In our latest survey with our partner SCORR Marketing, Applied Clinical Trials asked its audience about the status of global trials. Overall, many themes that have always concerned industry with multi-regional clinical trials still ring true. While costs and patient population access are the primary drivers for conducting trials outside of the U.S. or Western Europe, the trade-off with good clinical practice (GCP), data quality, and language barriers still exist.
As early as 2002, Applied Clinical Trialsreported on the growing concerns around the globalization of clinical trials. In this article, the author outlines the reasons for then HHS Inspector General Janet Rehnquist’s report “The Globalization of Clinical Trials: A Growing Challenge in Protecting Human Subjects.” During the prior 10 years of the report’s issue, during the 1990s, industry-sponsored research began its move beyond the U.S., the European Union, and Japan. The report was aimed at the protections of human subjects in clinical research, which we now call participants, in Central and Eastern Europe, South America, Asia, and Africa.
In a 2010 report from the Office of Inspector General (OIG), it noted the increase of use of global locations for clinical trials, and highlighted FDA statistics around clinical trials.
The OIG noted the following:
In our own article on a 2010 OIG report at the time, columnist Jill Wechsler noted that Leslie Ball, then-director of the Division of Scientific Investigations in the Center for Drug Evaluation and Research (CDER), noted that the OIG report could prompt FDA to look more critically at the quality of data that comes from non-U.S. studies and at its applicability to domestic approvals. Ball explained that the agency’s evaluation of foreign data depends on the type of patient population studied and disease state, as well as relevant cultural and ethnic factors.
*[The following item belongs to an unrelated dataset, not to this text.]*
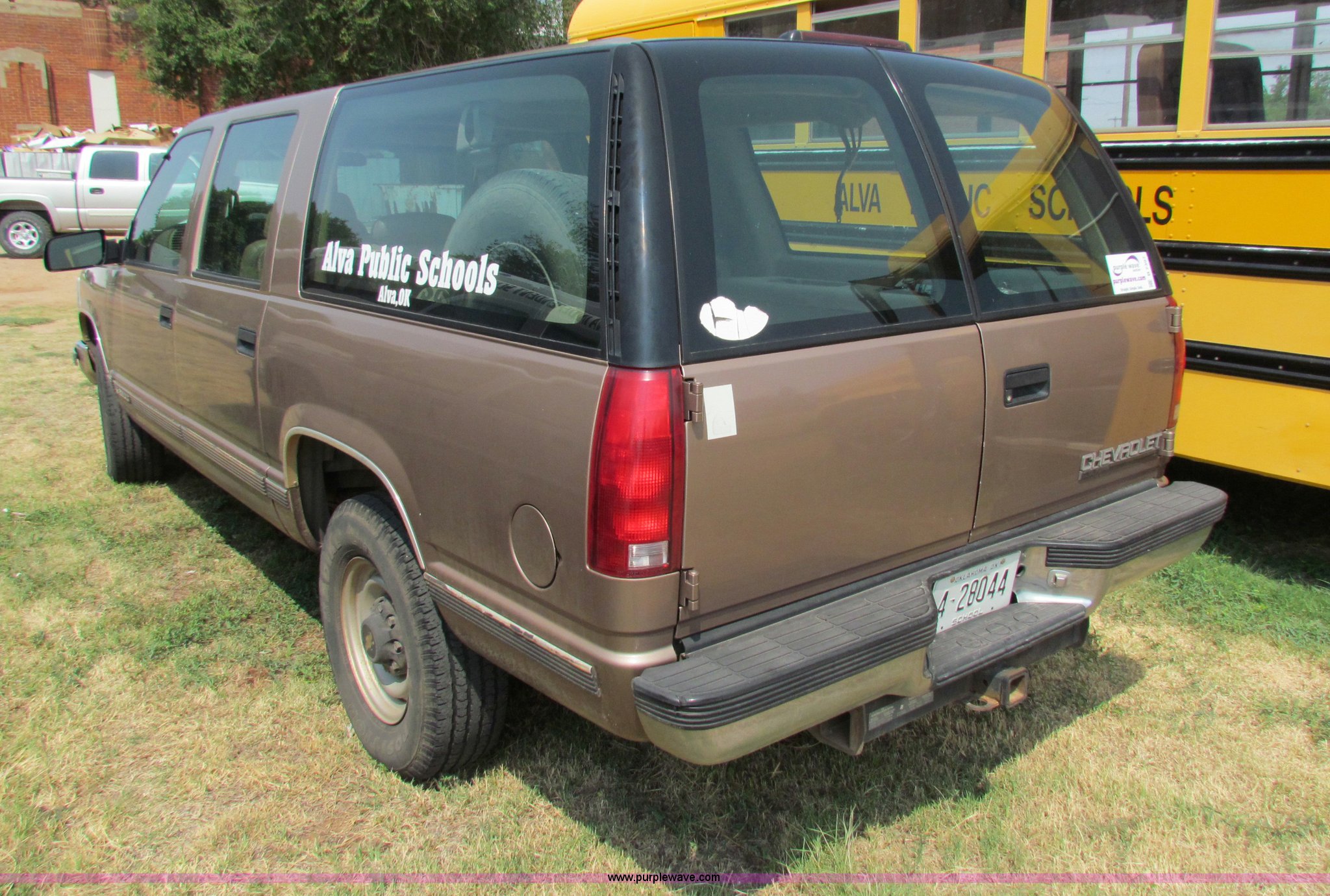 1995 Chevrolet Suburban 2500 SUV. 152,089 miles on odometer, 5.7L V8 TBI gas engine, Automatic transmission, AC and heat, Tilt, Cruise, AM/FM/cassette, Manual windows and locks, Vinyl interior, Third row seat included, Receiver hitch, 245/75R16 tires, Interior/exterior cosmetic damage, ID# 2. 1GNGC26K8SJ370112. Shipping quotes available. Alva Public Schools. Alva, OK 73717

Ball noted that CDER had been examining the growing number of applications that have data only from outside the U.S.
Further, the report authors urged increased oversight of study results obtained from other regions to protect patients and ensure data integrity. There are questions about adherence to GCPs by foreign investigators and if regulatory authorities and institutional review boards (IRBs) in developing nations have the capacity and
resources to fully monitor research activities.
The then-FDA deputy commissioner for international programs pointed out that the onus was on the sponsor to make the case that foreign clinical data is valid, is complete, and is able to predict the utility of the product in the U.S. population and the U.S. medical system. Determining the relevance of data from a foreign population involves assessing appropriate primary endpoints, underlying illnesses, concomitant therapies, and cultural issues such as diet and popular herbal remedies.
As the report noted, the globalization of clinical trials flourished through the 2000s, and it wasn’t until 2010 when issues around intellectual property and pharmaceutical sponsor patent case losses started a decline of trials in India. In 2013, increased regulatory demands led to a further decline in that country. Since then, sponsors have looked more to China and the rest of Asia, as well as Eastern Europe for their trials. But while the globalization of clinical trials is here to stay, our survey found that conducting them is not easy. In fact, when asked “Please rate the degree of ease/difficulty in addressing each of the following issues in multi-regional clinical trials,” the majority of responses in three of the areas-ethical, patient-specific, and regulatory-were “somewhat difficult.” Statistical issues came in at neutral.
Ethical and GCP issues
While GCP in the “traditional” markets is a given, concerns around GCP in clinical trials are still an issue. The most often cited GCP violations found by FDA are around protocol adherence, clinical records, informed consent, drug accountability, and adverse events. And these violations are not only global, but also in the traditional markets. However, in our survey, specific to global trials, 36% of respondents noted that investigative sites were selected based on established GCP standards.
In an article appearing in late 2016 on our website, about resource-limited sites, the authors discussed the limited number of ICH-GCP-trained personnel available in resource-limited regions. The authors continue: “Most of the time clinical site personnel are trained on ICH-GCP principles before the study start. These trainings are conducted either face-to-face or via webinars or online courses. Training materials focus on the ICH-GCP principles in terms of human subject protection and requirements of GCP, but lack details regarding daily site operations or the potential impact of non-compliance with ICH-GCP requirements on the study. In addition, most training courses have case studies, but they are often not geared toward the disease indication that will be studied at that site. It is important that the ICH-GCP training for resource-limited clinical sites, especially sites that have not conducted research studies in recent years, be geared to the study/protocol at hand and draw out the stake and risks of non-compliance with ICH-GCP or data documentation. Site personnel sometimes take shortcuts in daily procedures because they do not understand the gravity of that procedure and the impact of their action on the study data. Periodic reinforcement of this training with real-life examples can also go a long way for staff at inexperienced sites. In most cases, it is prudent to supplement the research-naïve site staff with experienced clinical staff from other regions.”
Informed consent is a primary concern in clinical trial participation. As noted in our survey, informed consent was rated, by 22%, a concern around ethical trials. Health literacy-another concern that informs the ability of a person to understand clinical trials, and, therefore, the ability to consent-was also rated 22% by respondents. Another necessity in global trials is translation services that can accurately create native language materials for participants. But also, there are language barriers for verbal communication, and as our respondents noted, it is important to choose a country/region that already has an existing pool of qualified translators (25%) or is capable of developing qualified translators (25%).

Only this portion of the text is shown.